DATA EXCERPTS Start Marker

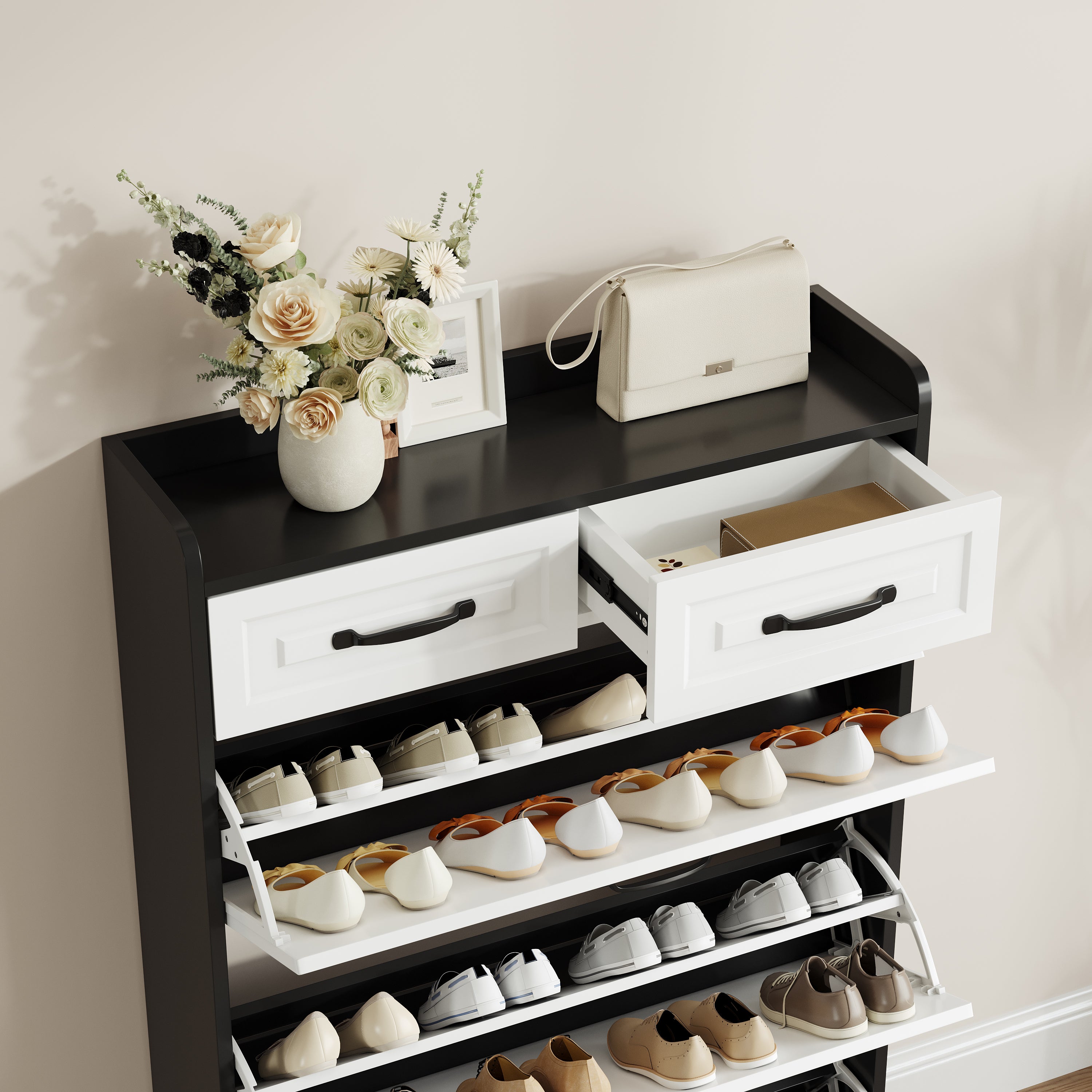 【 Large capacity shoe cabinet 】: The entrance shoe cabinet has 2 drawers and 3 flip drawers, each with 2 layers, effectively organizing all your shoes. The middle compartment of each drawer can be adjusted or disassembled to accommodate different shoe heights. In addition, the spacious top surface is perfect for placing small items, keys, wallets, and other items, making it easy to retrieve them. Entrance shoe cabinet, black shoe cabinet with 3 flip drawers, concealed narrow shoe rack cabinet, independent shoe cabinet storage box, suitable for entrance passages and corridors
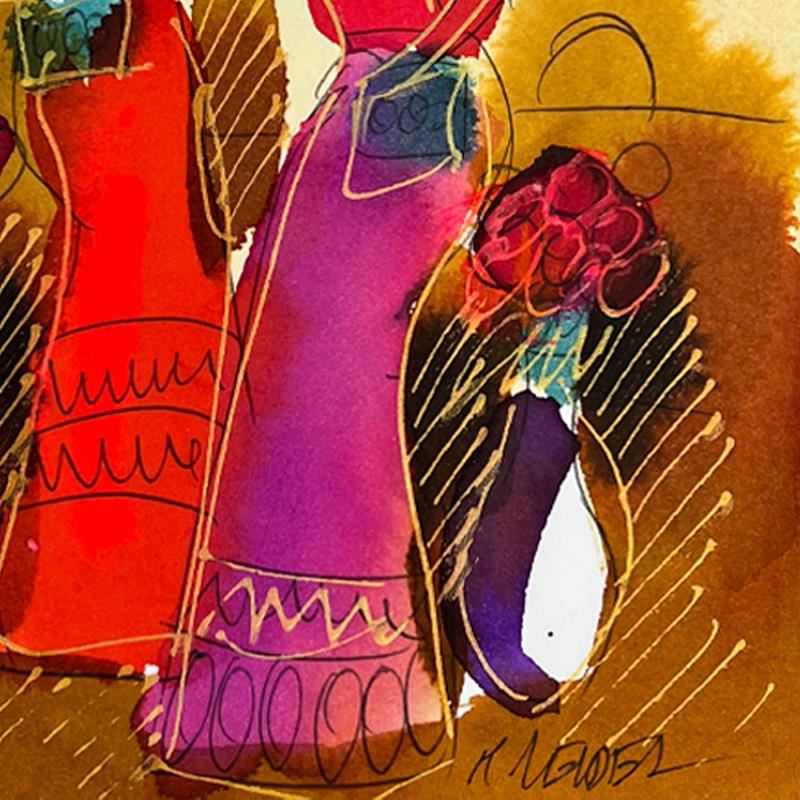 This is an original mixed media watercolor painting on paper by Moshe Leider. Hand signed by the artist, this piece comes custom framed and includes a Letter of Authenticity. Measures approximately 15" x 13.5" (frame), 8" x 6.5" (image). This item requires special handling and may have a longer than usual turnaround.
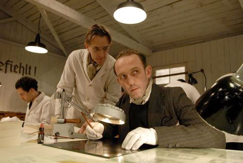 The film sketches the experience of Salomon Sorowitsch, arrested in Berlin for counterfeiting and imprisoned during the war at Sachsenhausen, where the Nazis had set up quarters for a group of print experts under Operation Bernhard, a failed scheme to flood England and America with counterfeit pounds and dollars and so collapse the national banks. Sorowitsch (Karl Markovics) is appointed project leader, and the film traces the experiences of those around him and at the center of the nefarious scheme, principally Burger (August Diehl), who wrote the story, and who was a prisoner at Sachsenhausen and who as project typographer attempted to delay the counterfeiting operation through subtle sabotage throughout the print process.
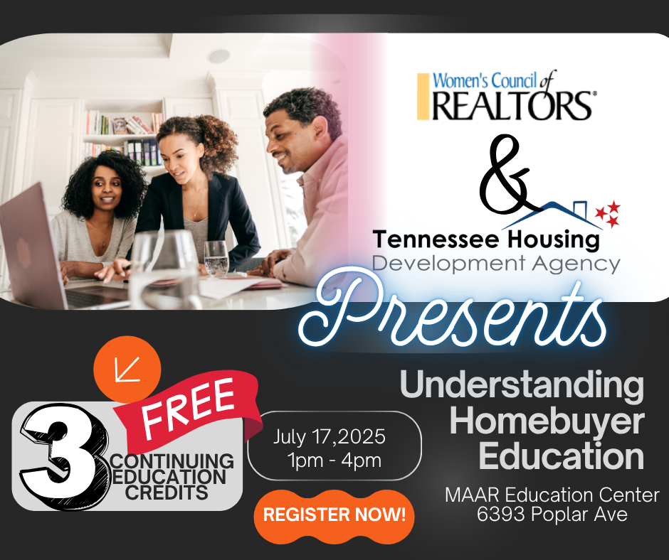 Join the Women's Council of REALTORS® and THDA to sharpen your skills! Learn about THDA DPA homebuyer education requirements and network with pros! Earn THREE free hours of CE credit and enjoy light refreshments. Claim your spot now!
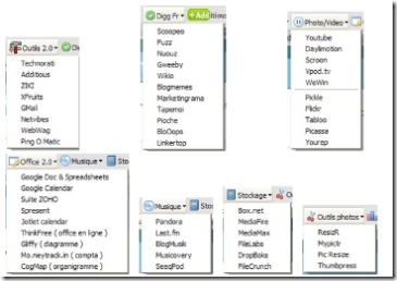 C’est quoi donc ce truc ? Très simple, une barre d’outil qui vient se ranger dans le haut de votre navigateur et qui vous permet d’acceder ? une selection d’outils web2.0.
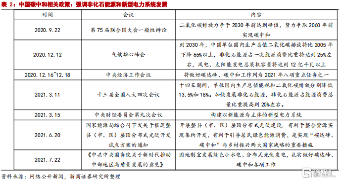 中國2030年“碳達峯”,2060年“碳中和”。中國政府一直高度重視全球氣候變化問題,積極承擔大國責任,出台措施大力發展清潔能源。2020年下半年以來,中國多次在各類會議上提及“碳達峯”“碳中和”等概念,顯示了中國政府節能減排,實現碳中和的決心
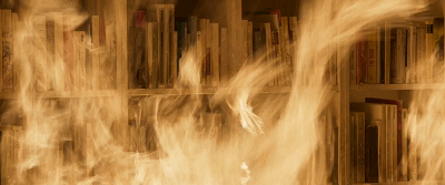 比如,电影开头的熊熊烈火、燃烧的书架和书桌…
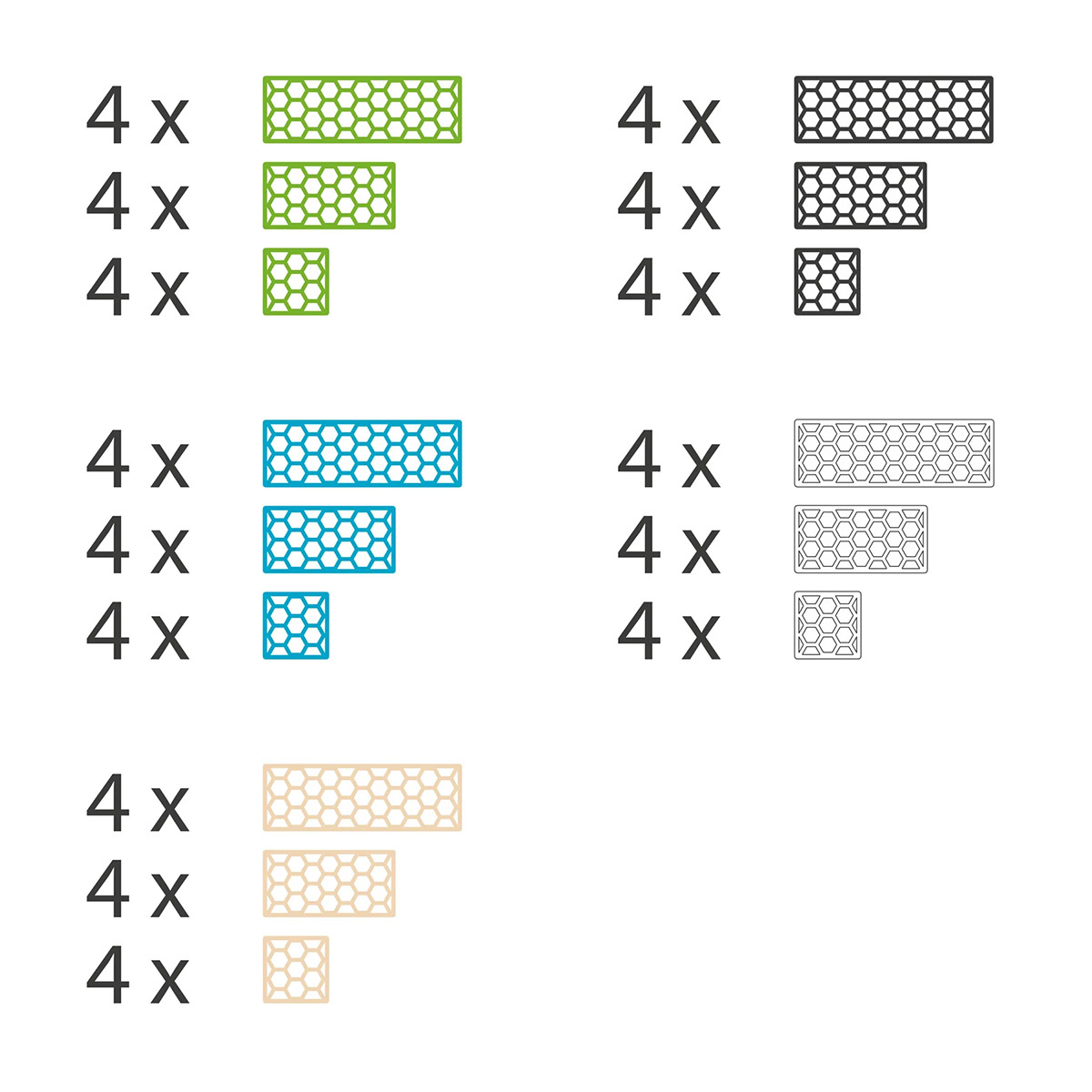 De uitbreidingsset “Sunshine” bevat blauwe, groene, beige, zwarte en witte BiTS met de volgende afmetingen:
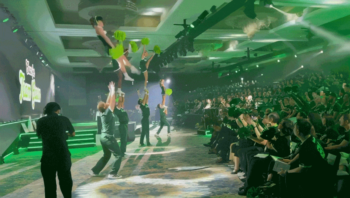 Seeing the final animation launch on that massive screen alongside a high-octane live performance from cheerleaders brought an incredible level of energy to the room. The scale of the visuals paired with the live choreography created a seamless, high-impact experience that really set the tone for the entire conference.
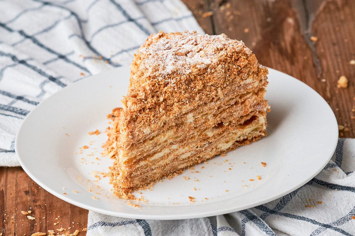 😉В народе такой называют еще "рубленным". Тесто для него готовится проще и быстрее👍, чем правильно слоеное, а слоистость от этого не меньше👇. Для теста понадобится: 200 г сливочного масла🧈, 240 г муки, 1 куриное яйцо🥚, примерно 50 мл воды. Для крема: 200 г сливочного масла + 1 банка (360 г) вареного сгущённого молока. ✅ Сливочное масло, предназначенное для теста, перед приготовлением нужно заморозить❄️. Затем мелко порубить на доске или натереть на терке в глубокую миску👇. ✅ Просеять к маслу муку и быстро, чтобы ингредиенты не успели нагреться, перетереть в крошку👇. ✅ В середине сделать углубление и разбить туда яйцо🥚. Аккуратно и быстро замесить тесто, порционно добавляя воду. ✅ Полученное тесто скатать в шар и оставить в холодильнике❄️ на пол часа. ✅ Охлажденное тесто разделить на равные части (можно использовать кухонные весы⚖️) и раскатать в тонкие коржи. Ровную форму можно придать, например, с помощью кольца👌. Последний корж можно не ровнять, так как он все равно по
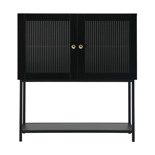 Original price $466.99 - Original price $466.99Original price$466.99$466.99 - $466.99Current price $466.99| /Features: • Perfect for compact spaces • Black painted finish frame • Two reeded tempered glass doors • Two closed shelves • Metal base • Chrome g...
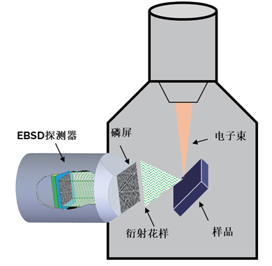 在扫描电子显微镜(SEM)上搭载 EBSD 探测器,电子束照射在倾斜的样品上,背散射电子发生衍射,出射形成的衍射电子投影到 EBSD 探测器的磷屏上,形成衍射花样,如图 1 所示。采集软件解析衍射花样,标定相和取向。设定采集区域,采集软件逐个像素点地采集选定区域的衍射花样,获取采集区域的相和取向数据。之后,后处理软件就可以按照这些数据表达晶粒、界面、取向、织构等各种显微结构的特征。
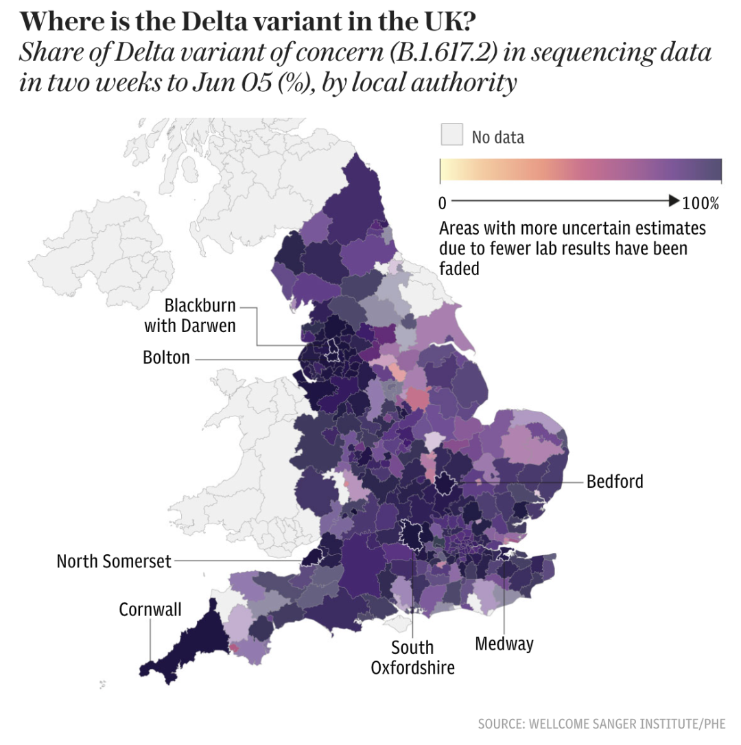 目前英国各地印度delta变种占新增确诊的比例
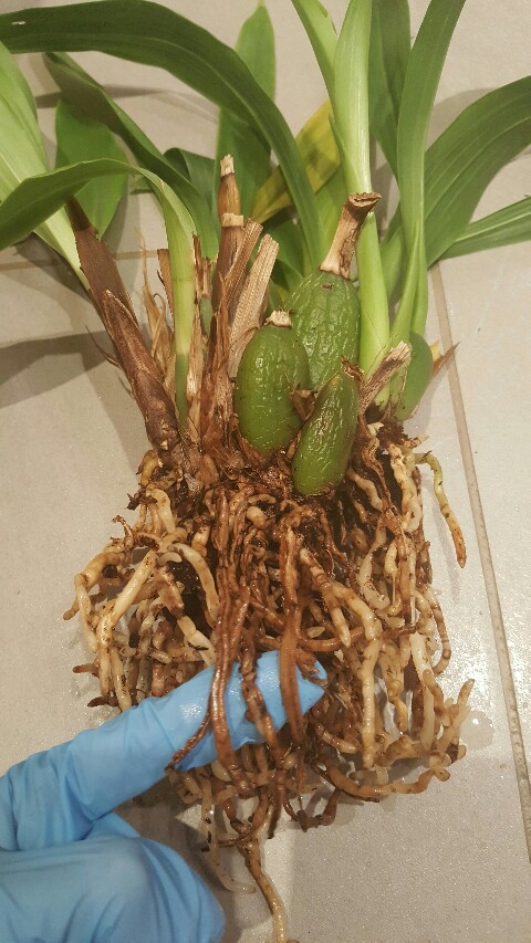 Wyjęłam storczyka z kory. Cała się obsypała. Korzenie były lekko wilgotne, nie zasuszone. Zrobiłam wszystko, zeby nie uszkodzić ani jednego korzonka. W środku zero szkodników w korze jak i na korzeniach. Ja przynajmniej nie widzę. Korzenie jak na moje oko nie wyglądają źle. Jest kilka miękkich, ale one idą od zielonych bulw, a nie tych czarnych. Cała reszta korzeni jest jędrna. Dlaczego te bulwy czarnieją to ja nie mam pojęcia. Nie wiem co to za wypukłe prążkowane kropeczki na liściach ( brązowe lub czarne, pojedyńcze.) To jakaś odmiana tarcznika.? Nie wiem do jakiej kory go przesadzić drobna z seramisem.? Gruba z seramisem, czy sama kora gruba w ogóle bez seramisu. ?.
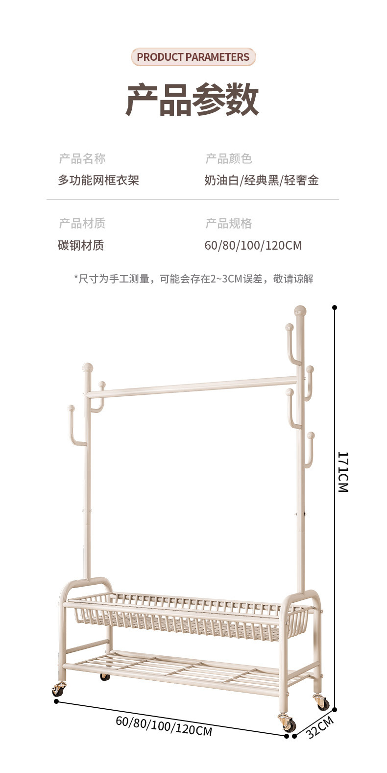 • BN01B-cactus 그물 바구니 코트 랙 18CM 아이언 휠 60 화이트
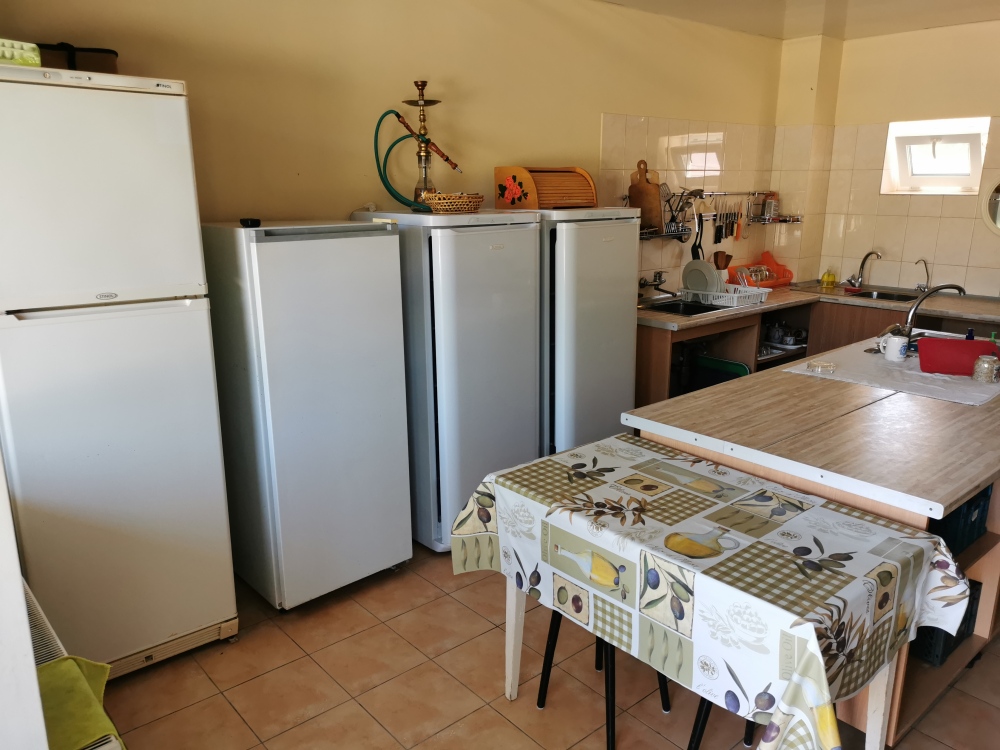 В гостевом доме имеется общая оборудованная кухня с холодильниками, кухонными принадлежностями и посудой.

DATA EXCERPTS End Marker

◆ REQUIRED WORK
Skip all pictures. Copy exactly the lines from the one containing "在扫描电子显微镜(SEM)上搭载 EBSD 探测器,电子束照射在倾斜的样品上,背散射电子发生衍射,出射形成的衍射电子投影到" through the end of the records, both ends included.

◆ EXERCISE ANSWER
 在扫描电子显微镜(SEM)上搭载 EBSD 探测器,电子束照射在倾斜的样品上,背散射电子发生衍射,出射形成的衍射电子投影到 EBSD 探测器的磷屏上,形成衍射花样,如图 1 所示。采集软件解析衍射花样,标定相和取向。设定采集区域,采集软件逐个像素点地采集选定区域的衍射花样,获取采集区域的相和取向数据。之后,后处理软件就可以按照这些数据表达晶粒、界面、取向、织构等各种显微结构的特征。
 目前英国各地印度delta变种占新增确诊的比例
 Wyjęłam storczyka z kory. Cała się obsypała. Korzenie były lekko wilgotne, nie zasuszone. Zrobiłam wszystko, zeby nie uszkodzić ani jednego korzonka. W środku zero szkodników w korze jak i na korzeniach. Ja przynajmniej nie widzę. Korzenie jak na moje oko nie wyglądają źle. Jest kilka miękkich, ale one idą od zielonych bulw, a nie tych czarnych. Cała reszta korzeni jest jędrna. Dlaczego te bulwy czarnieją to ja nie mam pojęcia. Nie wiem co to za wypukłe prążkowane kropeczki na liściach ( brązowe lub czarne, pojedyńcze.) To jakaś odmiana tarcznika.? Nie wiem do jakiej kory go przesadzić drobna z seramisem.? Gruba z seramisem, czy sama kora gruba w ogóle bez seramisu. ?.
 • BN01B-cactus 그물 바구니 코트 랙 18CM 아이언 휠 60 화이트
 В гостевом доме имеется общая оборудованная кухня с холодильниками, кухонными принадлежностями и посудой.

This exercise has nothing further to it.